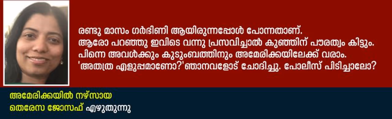 ദേശാന്തരം. രണ്ട് അമ്മമാര്, രണ്ട് കുഞ്ഞുങ്ങള്...അമേരിക്കയില് നഴ്സായ തെരേസ ജോസഫ് എഴുതുന്നു
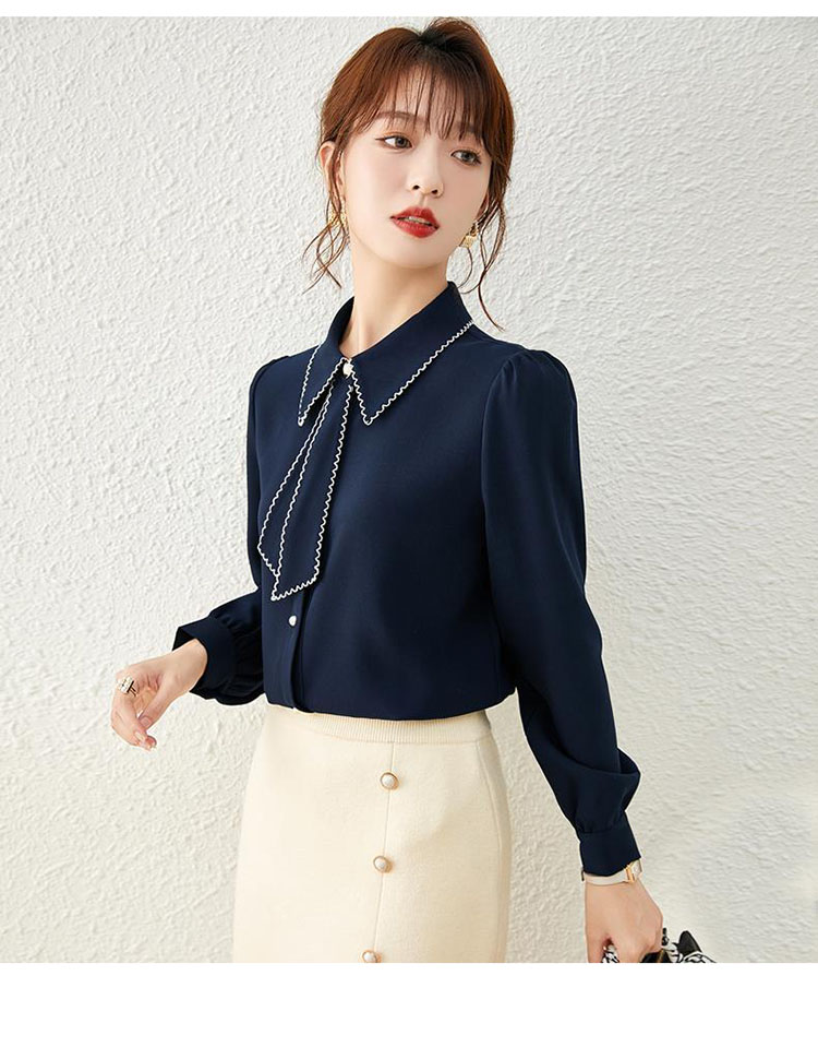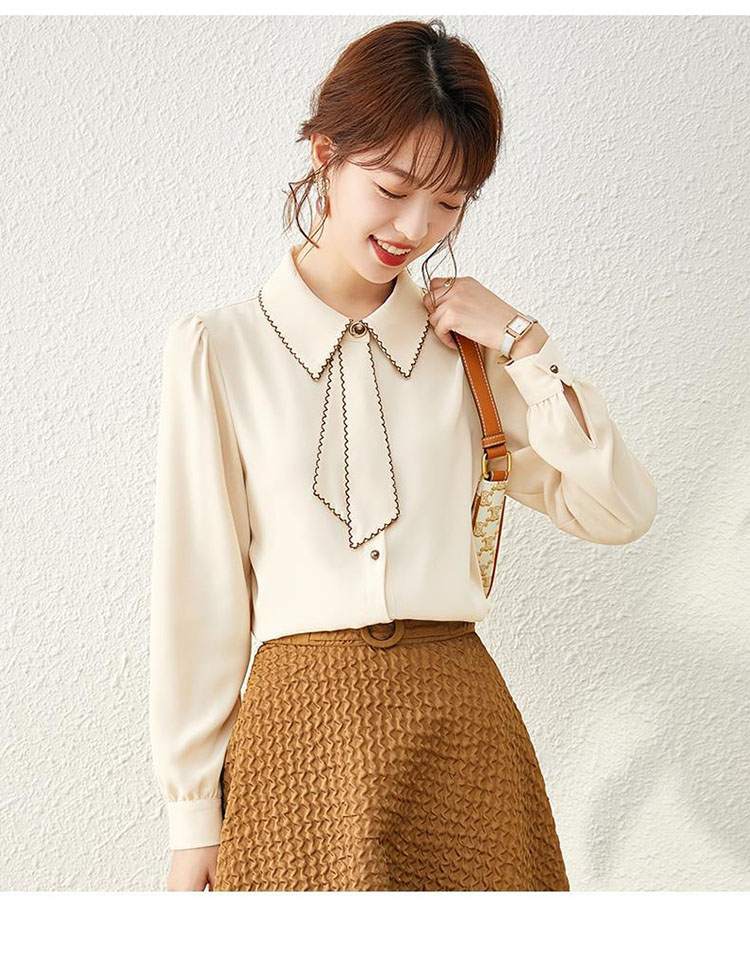 シアースリーブ ドッキングシャツ ボウタイシャツブラウス
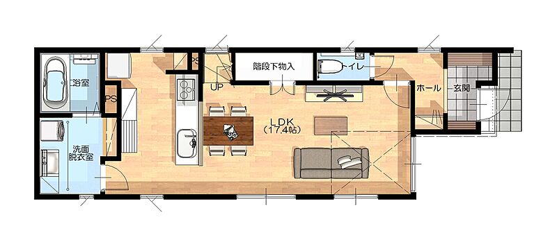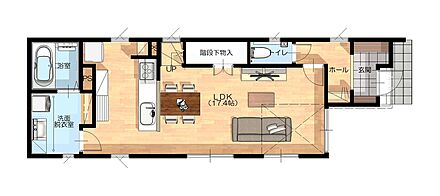 明るい玄関に広がる広々とした土間収納。家族を温かく迎える、心地...
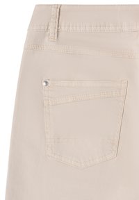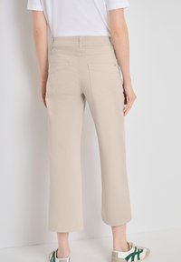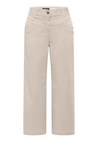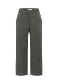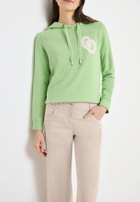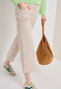 Femme portant un sweat à capuche vert clair et un pantalon large beige, tenant un sac en daim marron dans sa main droite, debout devant un mur blanc.
────────────────────────────────────────
An exact, word-for-word version of the material is required, free of pictures.

◆ EXPECTED ANSWER:
 ദേശാന്തരം. രണ്ട് അമ്മമാര്, രണ്ട് കുഞ്ഞുങ്ങള്...അമേരിക്കയില് നഴ്സായ തെരേസ ജോസഫ് എഴുതുന്നു
 シアースリーブ ドッキングシャツ ボウタイシャツブラウス
 明るい玄関に広がる広々とした土間収納。家族を温かく迎える、心地...
 Femme portant un sweat à capuche vert clair et un pantalon large beige, tenant un sac en daim marron dans sa main droite, debout devant un mur blanc.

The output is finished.